The defendant, Lehr, was the owner of a threshing rig and the plaintiff, Zimmerman, was a man who was somewhat experienced in the operation of threshing machines. In the fall of 1918 this rig was used to thresh for the plaintiff and the defendant and three other men in the neighborhood, named Jundt, Kirshman, and Kramlich. The defendant testified that he hired the plaintiff at $6 per day to superintend the running of the machine. The plaintiff, on the other hand, *Page 299 testified that when they started threshing in the fall of 1918 it was agreed that he should receive $8 per day, and that as soon as the defendant's job was finished a new arrangement was made whereby they were to divide equally the profits, plaintiff to pay half for three pitchers and to give the defendant $25 additional. It is claimed by the plaintiff that the rest of the threshing was done under this arrangement. It is not disputed that the plaintiff collected some forty odd dollars from Kirshman for the threshing done for him.

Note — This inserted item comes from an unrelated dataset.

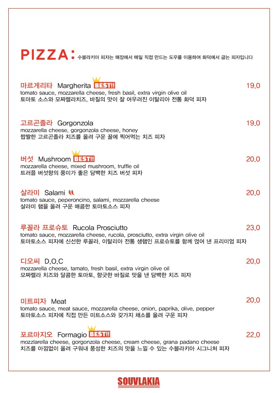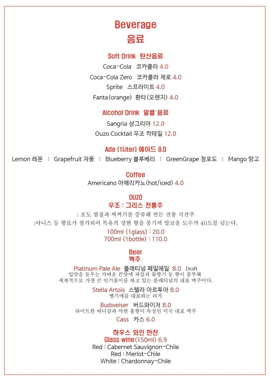 그리스음식이 메인이지만, 이탈리안 음식도 곁들일 수 있어서 각자 선호도에 맞게 여러 음식을 주문해서 함께 즐길 수 있을 것입니다.

Both during the progress of the trial and after the parties had rested, the plaintiff moved for a dismissal of the counterclaims on the ground that the evidence showed these items to be involved in partnership transactions in the operation of the rig. The motion was allowed at the close of the case.

The pleadings filed in the case do not foreshadow any equitable issues. The claim that an accounting of the partnership transactions would be necessary to determine the balance owing from the plaintiff to the defendant is based upon the plaintiff's evidence. An examination of the record leads us to the conclusion that there would be no occasion for an equitable accounting in this case. Even conceding that the arrangement between the parties was as testified to by the plaintiff, and that it amounted technically to a special partnership, it does not follow that an equitable accounting would be necessary to determine what was owing by one party to the other. It is a well-established principle that one partner may sue another in an action at law where the partnership is terminated, and the claim sued upon is one that can be adjudicated without the necessity of an extensive accounting, as where the transactions are few and simple and the items requiring adjudication are not numerous. Irish v. Shelson, 16 Ind. 365; Clarke v. Mills,36 Kan. 393, 13 Pac. 569; Frith v. Thomson, 103 Kan. 395, L.R.A.1918F, 1123, 173 Pac. 915. This principle is clearly applicable here, and the trial court should have determined the entire controversy. Since this principle is clearly decisive of the case on appeal, it is unnecessary to consider the points presented upon the argument relative to the equitable jurisdiction of justices of the peace and the derivative character of the jurisdiction of district courts in cases appealed from justice courts.

It follows that the trial court erred in allowing the motion for dismissal of the counterclaims. The case is therefore remanded for further *Page 300 proceedings not inconsistent with this opinion. The appellant is entitled to statutory costs on this appeal.

CHRISTIANSON, Ch. J., and ROBINSON, J., concur.

BRONSON and GRACE, JJ., concur in the result.